Contrôle a priori et contrôle a posteriori : qu’est-ce qui change ?

Dans certains cas spécifiques, notamment lorsqu’il n’y a pas de commissaire aux comptes et que la convention est conclue avec un gérant non associé, la loi prévoit un contrôle a priori. Cela signifie que la convention doit être approuvée avant même sa signature. Cette précaution supplémentaire vise à éviter les prises de décision unilatérales pouvant nuire à l’intérêt social.

En revanche, dans la majorité des situations, la validation intervient a posteriori, lors de l’assemblée générale ordinaire. Cette souplesse permet à la société de mener ses opérations rapidement, tout en laissant un espace pour un contrôle ultérieur. Quoi qu’il en soit, le respect de la procédure demeure impératif pour éviter de lourdes sanctions.

Sanctions et responsabilités en cas de non-respect de la procédure

Si la procédure d’approbation est ignorée ou mal appliquée, les conventions conclues continuent de produire des effets juridiques. Toutefois, la responsabilité des dirigeants ou associés ayant manqué à leurs obligations peut être engagée. Ils devront supporter les conséquences dommageables pour la société, avec un risque financier et juridique non négligeable.

Le délai d’action pour engager la responsabilité est limité à trois ans à compter de la signature ou de la révélation de la convention, si celle-ci a été dissimulée. Par ailleurs, un refus d’autorisation ou de ratification n’entraîne pas la nullité automatique, mais expose les contractants à des recours en réparation. La prudence commande donc un suivi rigoureux des formalités, car le contrôle des rejetons de conflits indirects incombe pleinement aux associés et dirigeants.

Les conventions concernées : précision et limites

La procédure vise dès lors essentiellement les conventions conclues entre la société et ses gérants ou associés. Il n’est pas nécessaire de prendre en compte les proches (conjoints, ascendants, descendants) sauf s’ils ont agi comme intermédiaires réels dans la transaction. Également, lorsque la convention porte sur une autre société liée à un associé ou gérant, la procédure s’applique si ce dernier détient simultanément un rôle dans la SARL.

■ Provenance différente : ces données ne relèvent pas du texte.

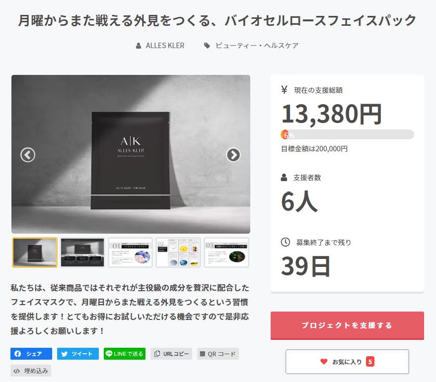 2022/10/23 19:42皆さま、こんばんは!あっという間に週末が終わってしまいますね。。いかがお過ごしでしょうか?「ALLES KLER THE MASK」がより多くの皆さんに手にとって頂けるように、と始めた製造・販売(開始予定は11月)・クラウドファンディングですが、、本クラウドファンディングは早いもので開始から約一週間が経過しました。開始から日々応援してくださる方が増え、大変喜ばしく思っておりました…ありがとうございます!!============================~商品開発のウラガワ~さて、商品開発を始めたのは今年の春頃。複数の製造業者の方とお話しし、検討を重ねたのちに、今お世話になっているOEMの方との素晴らしい出逢いがあり、ALLES KLER THE MASK の製造がスタートしました。市場に出ているパック(競合商品)を何種類も買い、試し検証していましたが、どこか違う。化粧品にお詳しい方であれば経験されたこともあると思いますが、ー翌朝の顔の調子が、いつもとまるで違うーそんな嬉しい驚きの経験をされたことはないでしょうか?我々は、その感動だけは譲れない。と強いこだわりを持ち、商品開発を進めました。その結果として出来上がったのが、この「ALLES KLER THE MASK」です!!”一度経験すると、他のパックに戻れない””使うと必ず誰かにおススメしたくなる”と自信を持って言える程、納得いくものができたと自負しております。どうか、このCAMPFIREで出会った皆様に一度我々の商品を試し「翌朝の変化」を感じてみて頂きたいのです。。!この先もキャンペーン終了まで、まだ38日!ですが、どうぞご贔屓、ご支援いただけますと幸いです!SNSやLINE等で周りの方へご紹介もお願いします!^^最後までご覧いただきありがとうございました!明日、月曜日からお仕事の方も多いと思いますが、皆さまにとって素敵な一週間となりますように!!ALLES KLER もっと見る

Type de convention Condition Procédure applicable
Convention entre SARL et gérant associé Sans exception Contrôle a posteriori en assemblée générale
Convention entre SARL et gérant non associé Sans commissaire aux comptes Contrôle a priori par les associés
Convention avec une société liée Si gérant ou associé joue un rôle dans les deux sociétés Procédure normale de contrôle

Conseils pour anticiper la gestion des conventions réglementées

Pour sécuriser la bonne application de la procédure, il est conseillé de :

  1. Tenir une documentation complète à disposition, incluant le rapport spécial détaillé et les procès-verbaux d’assemblée.
  2. Avancer l’examen des conventions réglementées dans le calendrier d’approbation des comptes afin d’éviter tout retard dans la validation.
  3. Veiller à l’information claire de tous les associés, en leur communiquant l’avis du commissaire aux comptes lorsque cela est pertinent.
  4. Privilégier un échange direct et transparent lors de l’assemblée générale pour prévenir les contestations.
  5. Mettre en place un suivi rigoureux des conventions pour détecter toute convention irrégulière et y remédier rapidement.

Le respect de ces bonnes pratiques permet non seulement d’éviter des complications techniques, mais également d’instaurer une confiance durable entre associés et dirigeants, élément clé d’une gouvernance saine et efficace.